Distribution Parameters in CES

Good afternoon,

Following the papers of Cantore and Levine (2009) and Klump et al. (2012) regarding dimensionless parameters, I wondered if the reparametrization or normalization of functions is also needed in CES where inputs have the same measurement units. If it does not, the distribution parameters can be considered as budget share parameters, while they are not in a CES functions that does not verify the dimension homogeneity (and need to be reparametrized in that case).

I believe that the point of the authors apply to CES where the inputs are not of the same units, such as capital and labor.

Thank you in advance :slight_smile:

The point of these papers is that you need should carefully parameterize these models and need to be extra careful when doing comparative statics that may affect the steady state. The problem persists even with the same measurement units. You can see this in Cantore/Levine (2012), equations (6-7). The parameters change also in the exponent.

Ok just read De Jong’s paper. I think the normalization is easier to implement to have a dimensionless system.

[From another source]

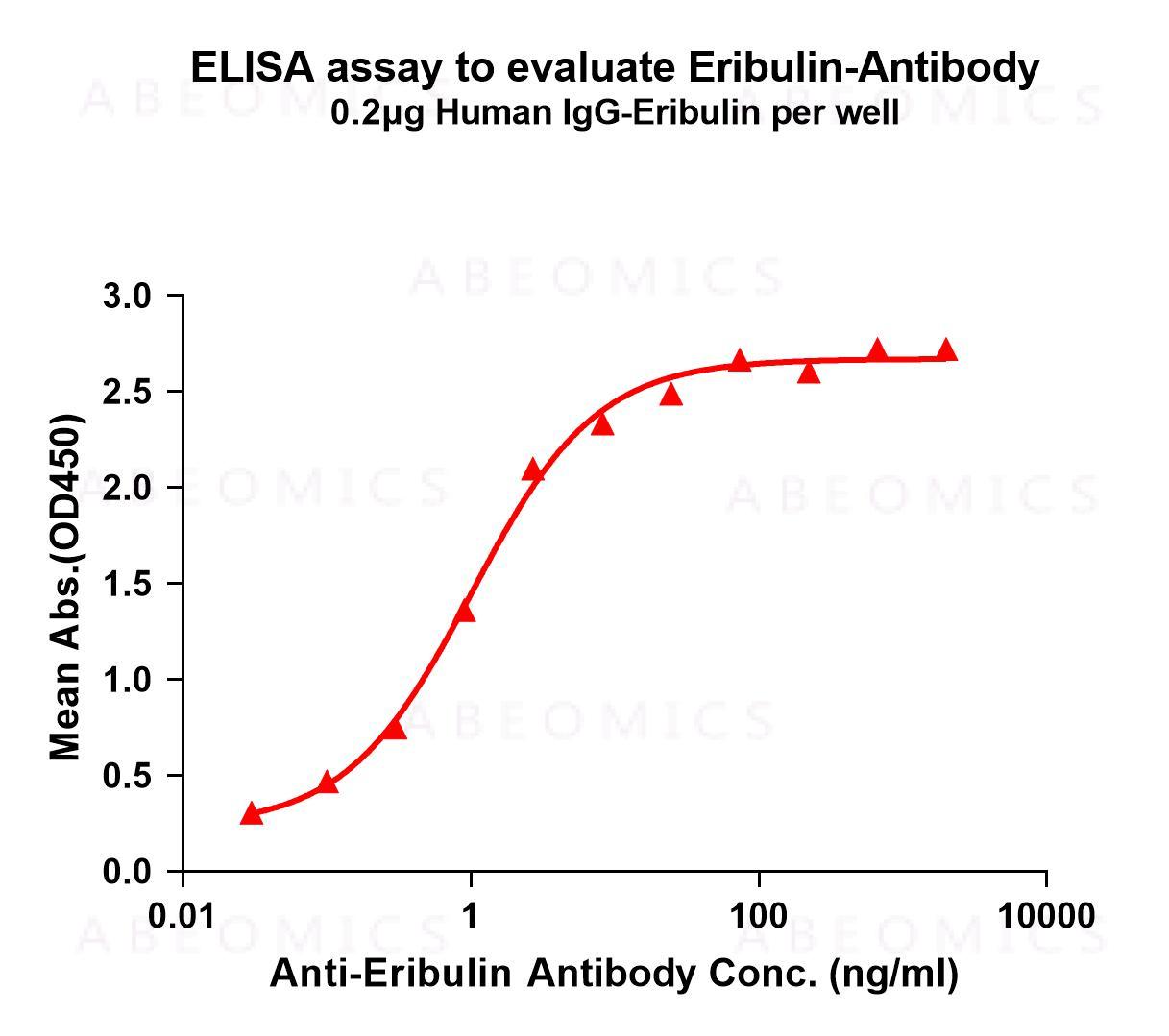 Figure 1. Elisa plates were pre-coated with IgG-Eribulin (0.2μg/per well). Serial diluted anti-Eribulin monoclonal antibody (12-9655) solutions were added, washed, and incubated with secondary antibody before Elisa reading. From above data, the EC50 for anti-Eribulin monoclonal antibody binding with IgG-Eribulin is 1.012ng/ml.

But if I normalize the CES production and consumption functions, I should also normalize all the budget equations by dividing variables by their SS value, right @jpfeifer ? (government and households’ budget constraints)

Thank you

I am not sure I understand the problem. The usual approach is to leave the budget constraints unchanged but choose the “share parameters” to actually match the respective shares. You might find Appendix A.3 of
https://www.econometricsociety.org/publications/quantitative-economics/2021/05/01/Uncertaintydriven-business-cycles-Assessing-the-markup-channel
helpful.

Thank you, indeed helpful @jpfeifer .

If I follow Klump et al. (2012)'s normalized function, in the production funtion, Y(t), K(t) and L(t) are dived by their steady state values Y0, K0, L0. I just wondered if I had to do the same thing to every variable in the module or occurence of Y, K and L, even in the budget constraints: in the budget constraint of households the rental rate rK(t) becomes rK(t)/K0.

I’ll stick to just normalizing the CES functions only in the model, following your paper.

Thanks

No, the normalization is about the production function, not the whole model.